8. A construction settlement monitoring device, characterized in that, include: The data acquisition module is used to acquire surface settlement data and construction activity data in the construction tunnel area. Both the surface settlement data and the construction activity data carry timestamps. The surface settlement data is data that characterizes the overall settlement distribution in the construction tunnel area and the surrounding preset area, and the construction activity data is data that reflects the construction status and behavioral parameters during the subway construction process. The dataset generation module is used to divide the construction tunnel area into multiple monitoring grids and label the corresponding spatial coordinates of each monitoring grid; the construction activity data and the areal settlement data are matched with the spatial coordinates of the corresponding monitoring grids to generate a construction settlement dataset; The settlement analysis module is used to identify, based on the construction settlement dataset, the continuous area corresponding to the monitoring grid where the settlement change rate exceeds a first preset threshold, as an abnormal settlement change rate segment. Based on the settlement difference between each monitoring grid and its adjacent monitoring grids, cluster analysis is performed on all monitoring grids to identify continuous areas where the settlement difference exceeds a second preset threshold, which are then used as differential settlement zones.
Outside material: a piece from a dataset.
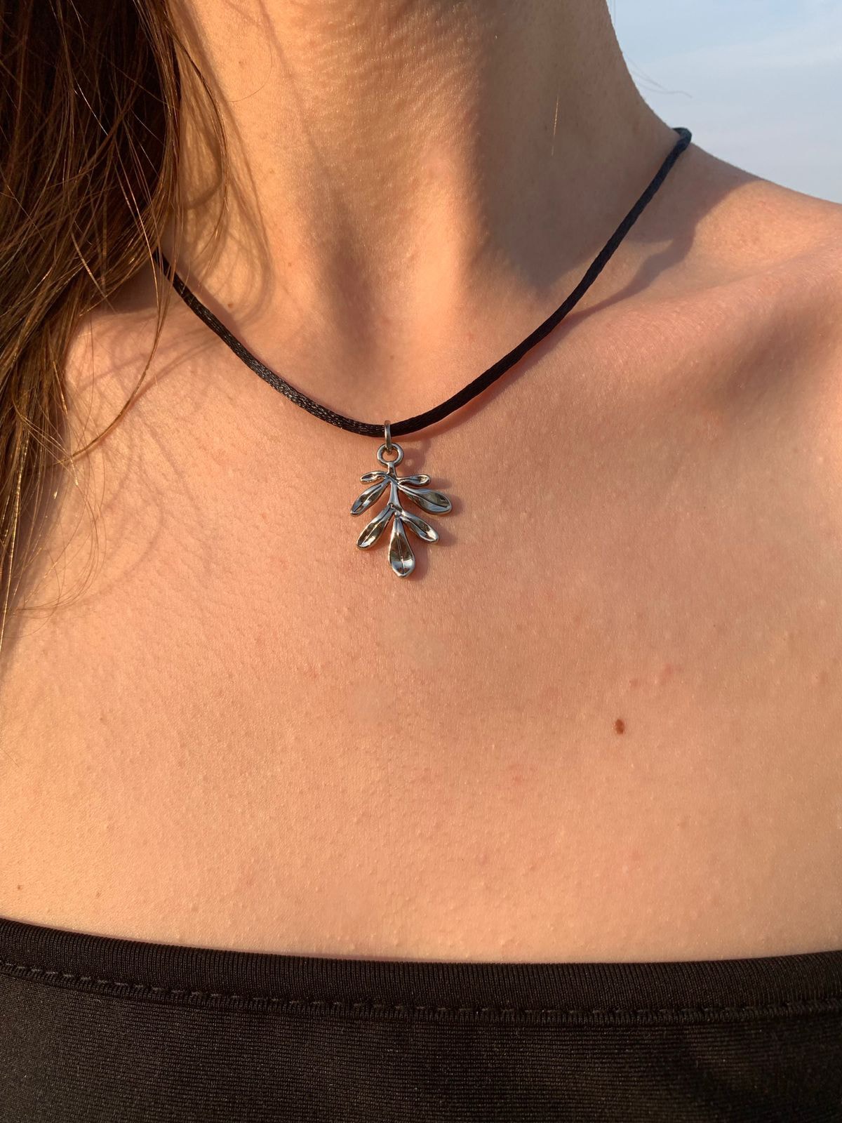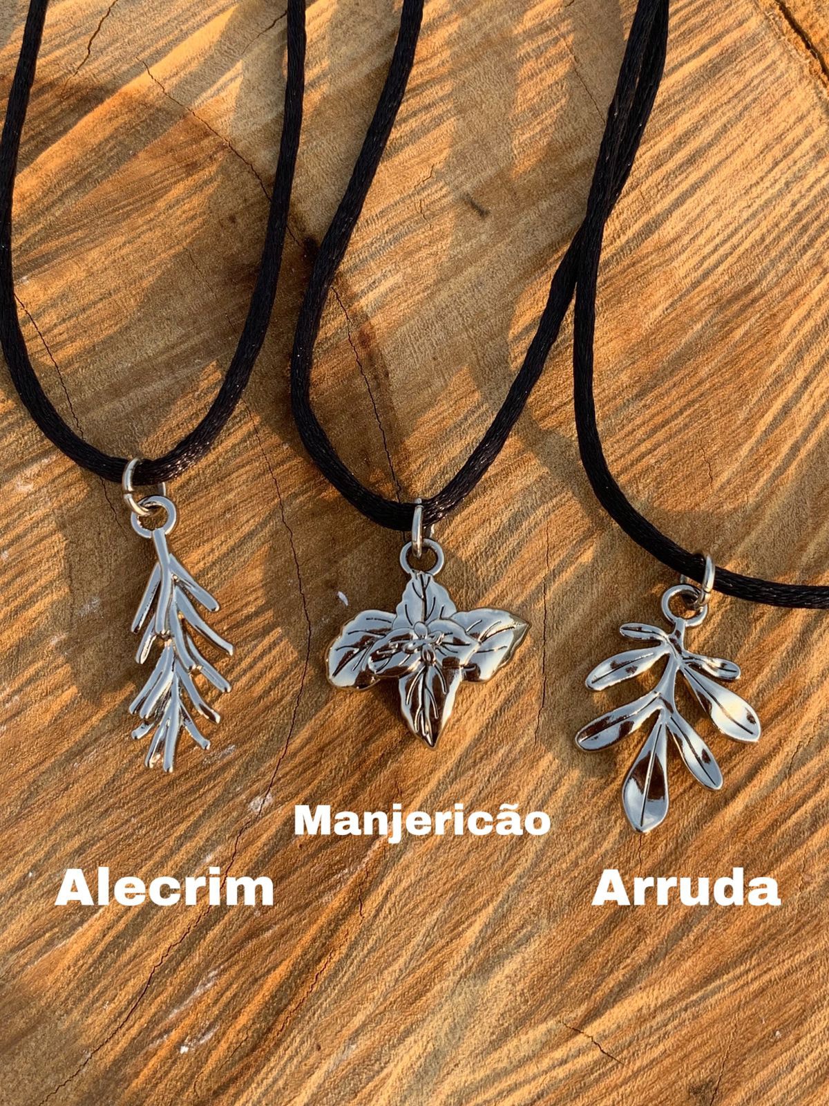 Material: Cordão acetinado e pingente de níquel. Medida: 45cm de comprimento. Regulável.

The correlation calculation module is used to extract the settlement time sequence features and construction procedure time sequence features associated with the settlement change rate anomaly segment and the differential settlement zone; and based on the settlement time sequence features and the construction procedure time sequence features, to obtain the correlation coefficient between each construction behavior and the settlement anomaly. The settlement monitoring module is used to obtain the influence weight of each construction behavior on differential settlement based on the correlation coefficient, and to determine the construction behavior that causes settlement abnormalities based on the influence weight.

9. An electronic device, characterized in that, The electronic device includes a memory and a processor, wherein the memory stores a computer program, and the processor executes the construction settlement monitoring method according to any one of claims 1 to 7 when running the computer program.

10. A computer-readable storage medium, characterized in that, The computer-readable storage medium stores a computer program that, when executed by a processor, implements the construction settlement monitoring method according to any one of claims 1 to 7.